Breast augmentation and reconstructive surgery can trace its history back to World War II era Japan where prostitutes underwent crude procedures to enlarge their breasts in hopes of attracting U.S. servicemen. In the 1960s two Texas plastic surgeons, Frank Gerow and Thomas Cronin, developed the first silicone breast implant. Timmie Jean Lindsey was the first woman to receive the device in 1962.

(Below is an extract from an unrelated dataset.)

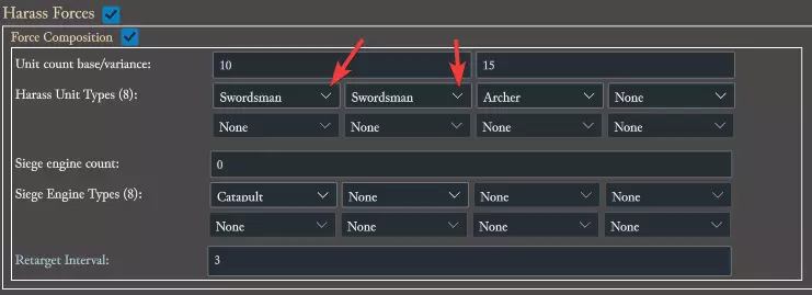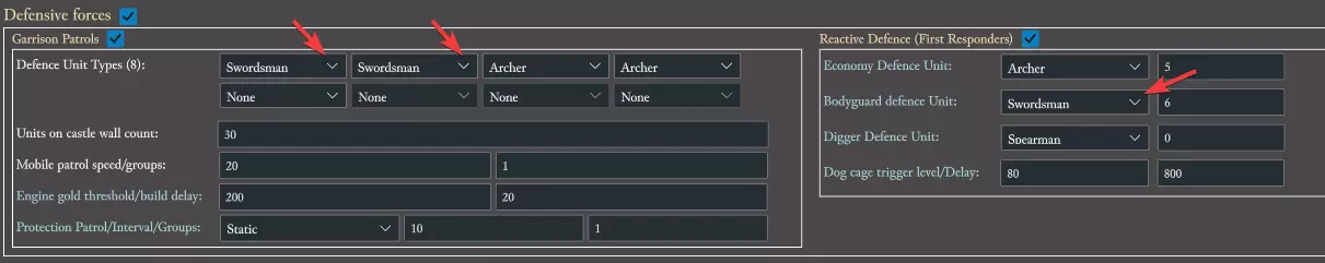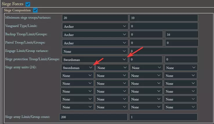 向下滚动,我们会找到【部队】部分。在这3个部分中,我们要将所有下拉菜单中的【长矛兵】更改为【剑士】,以确保鼠王使用剑士。不要更改【挖掘者防御单位】,因为剑士无法挖掘。最终结果应如下所示:

Today, breast augmentation surgery is wildly popular. In the United States and Canada the use of saline implants is much more widespread than silicone. However, silicone is still the primary implant in Europe. The implant is placed either above or below the pectoral muscle, depending on the surgeon and the patient’s preference.

Concern over the safety of implants, especially the silicone variety, reached a frenzy in the late 1980s and early 1990s. High profile lawsuits alleged that Dow Corning and other silicone implant manufacturers knew that their products caused cancer and autoimmune diseases such as lupus. The Food & Drug Administration halted the use of silicone implants except in limited cases, and today saline is the implant of choice.

In the late 1990s researchers began to question whether silicone implants really increased the risk of disease. To date, most studies have failed to demonstrate a connection between silicone implants and cancer or autoimmune diseases. However, a Food & Drug Administration report released in April 2001 renewed concerns about the safety of silicone breast implants. The report, while not conclusive, found a correlation between silicone breast implants and a painful connective tissue disorder known as fibromyalgia.